_Exercise prompt_: What is needed is an exact repetition of the lines from the first one in the data through the line with "Большинство студентов, принявших", with no pictures.

_Data provided_:

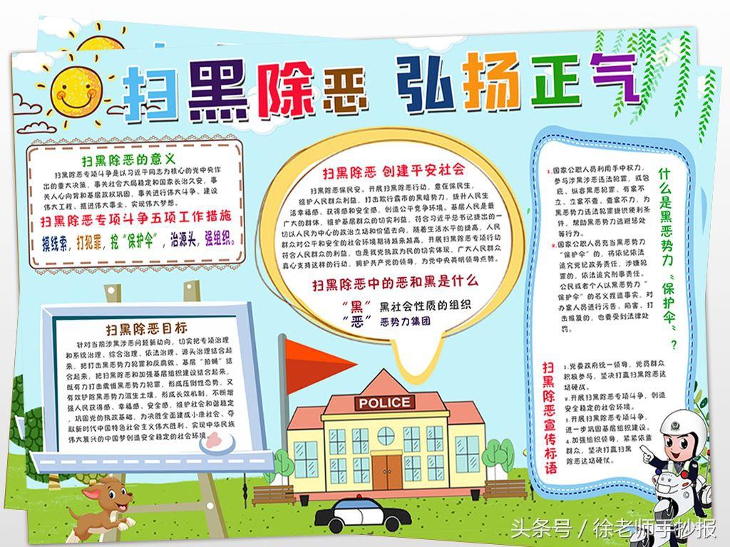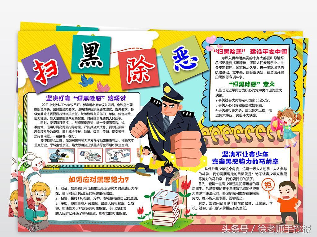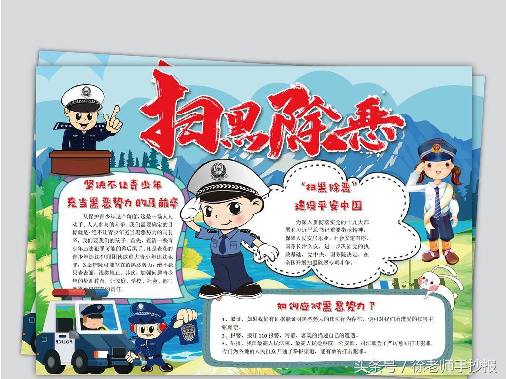 互联网+”时代的到来,黑恶势力借助科技发展,在黑恶活动中充分利用科技和信息手段,强化了犯罪的隐蔽性,也让青少年在接受新兴事物的同时因对其没有清晰的认识而受到侵害。青少年是祖国的未来和民族的希望,在扫黑除恶专项斗争如火如荼开展的同时不能忽视对他们的关注,应该重视其发展,保护他们不受伤害,预防他们误入歧途,构筑和谐校园,为他们营造良好的学习成长氛围。扫黑除恶预防校园欺凌手抄报图片分享给同学们!!!
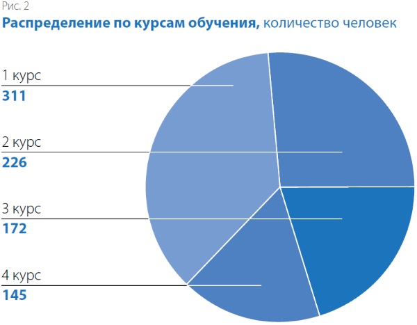 Большинство студентов, принявших участие в опросе, на момент анкетирования заканчивали первый курс (рис. 2).
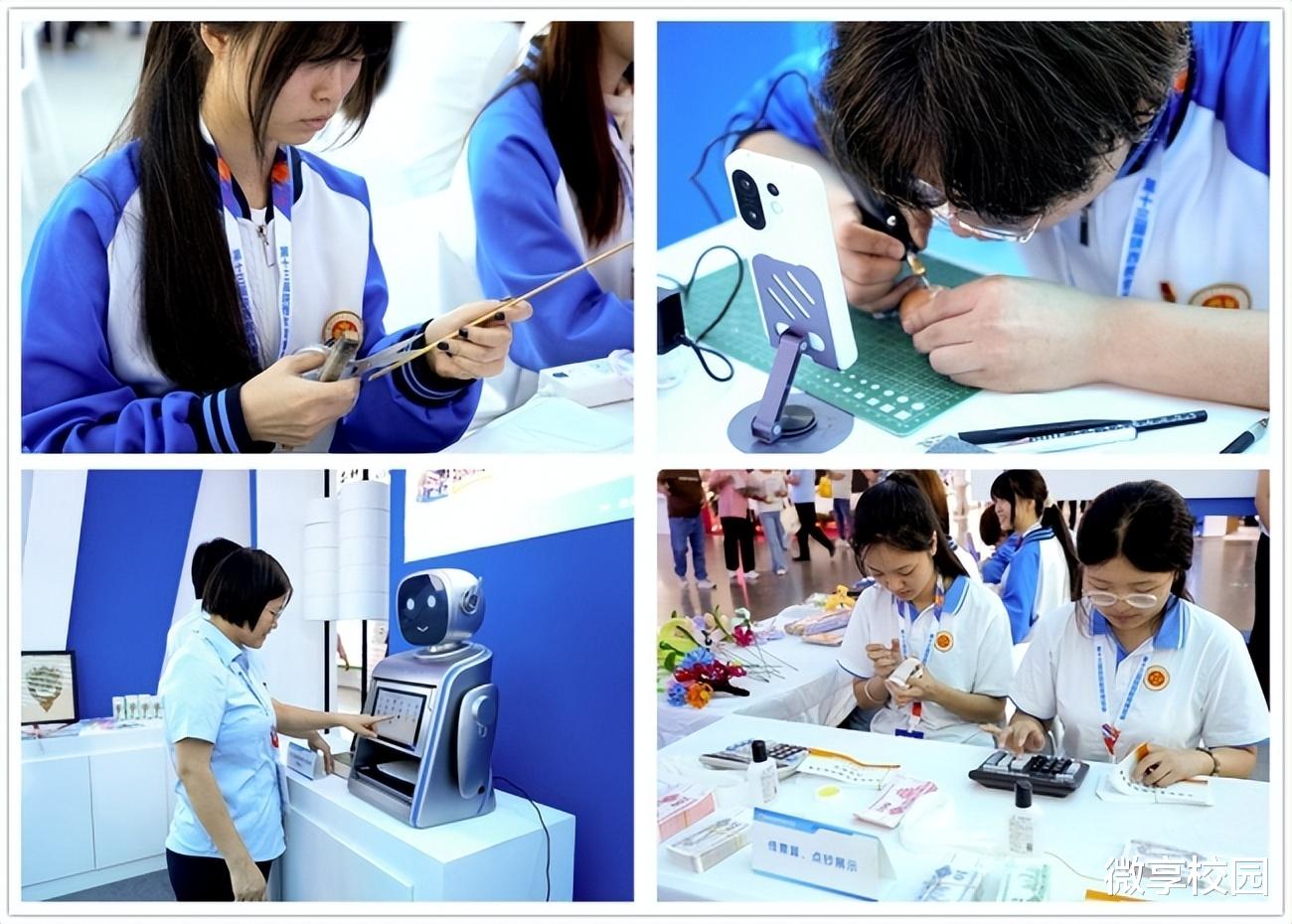 展会期间,陕西财经职业技术学院党委书记高玉峰、校长程书强等校领导全程驻场指导工作。学校精心打造的144平方米特装展位成为展会焦点,通过动静结合的创新展示方式,全方位呈现了该校的办学特色和育人成果。动态展示区设置了麦秆画制作、传票算与点钞表演、财务机器人演示、安防机器人互动、3D打印技术展示等十余项特色项目,生动展现了该校师生的专业技能和创新成果;静态展示区则通过图文展板、视频影像、实物展品等形式,系统展示了该校在大思政建设、技能竞赛、产教融合、科研服务等方面取得的丰硕成果,吸引了众多参观者驻足观看、互动交流。

_Expected output_:
 互联网+”时代的到来,黑恶势力借助科技发展,在黑恶活动中充分利用科技和信息手段,强化了犯罪的隐蔽性,也让青少年在接受新兴事物的同时因对其没有清晰的认识而受到侵害。青少年是祖国的未来和民族的希望,在扫黑除恶专项斗争如火如荼开展的同时不能忽视对他们的关注,应该重视其发展,保护他们不受伤害,预防他们误入歧途,构筑和谐校园,为他们营造良好的学习成长氛围。扫黑除恶预防校园欺凌手抄报图片分享给同学们!!!
 Большинство студентов, принявших участие в опросе, на момент анкетирования заканчивали первый курс (рис. 2).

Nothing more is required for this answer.